Re: Compairing filenames in a list

[Dave Angel]

On 09/29/2012 09:27 PM, Kevin Anthony wrote:
> I have a list of filenames, and i need to find files with the same
> name, different extensions, and split that into tuples. does anyone have
> any suggestions on an easy way to do this that isn't O(n^2)?
>
>

Sure, collect them in a collections.defaultdict Use basename for the
key, and a list of names as the data item.

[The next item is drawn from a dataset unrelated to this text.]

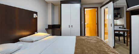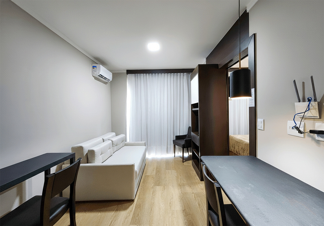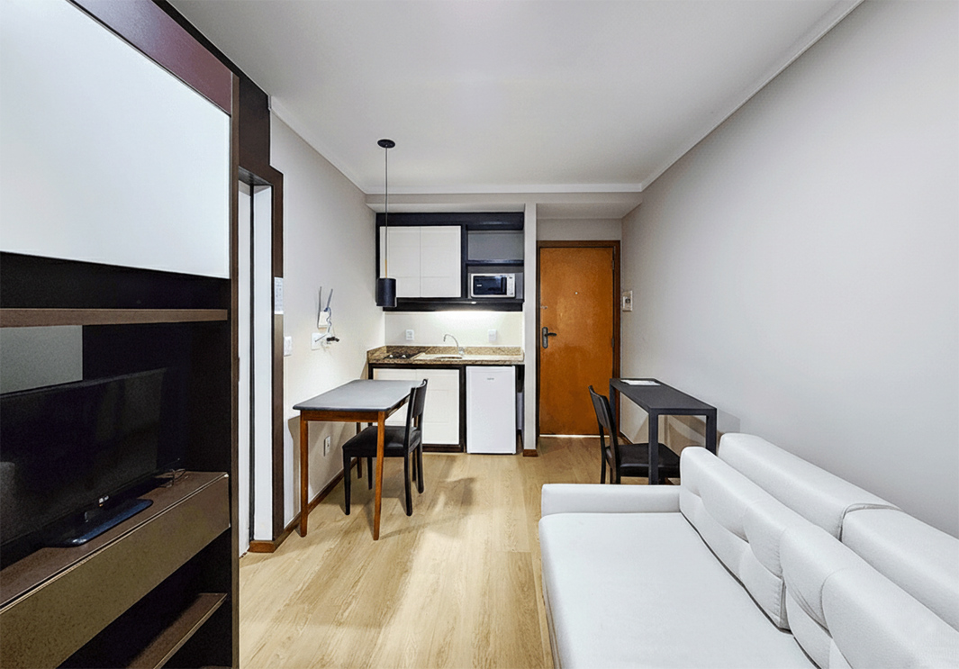 Quarto com 1 cama de casal, varanda, sala de estar com sofá de dois lugares, banheiro privativo, chuveiro com água quente, secador de cabelo, cofre, pequena cozinha com frigobar, micro-ondas, pequeno fogão elétrico, ar condicionado, internet wi-fi e TV a cabo.

if that's not good enough, show us your code, and why it doesn't work,
and tell us what version of Python you're using.

--

DaveA

[Arnaud Delobelle]

On 30 September 2012 02:27, Kevin Anthony <kevin.s...@gmail.com> wrote:
> I have a list of filenames, and i need to find files with the same name,
> different extensions, and split that into tuples. does anyone have any
> suggestions on an easy way to do this that isn't O(n^2)?

>>> import os, itertools
>>> filenames = ["foo.png", "bar.csv", "foo.html", "bar.py"]
>>> dict((key, tuple(val)) for key, val in itertools.groupby(sorted(filenames), lambda f: os.path.splitext(f)[0]))
{'foo': ('foo.html', 'foo.png'), 'bar': ('bar.csv', 'bar.py')}

--
Arnaud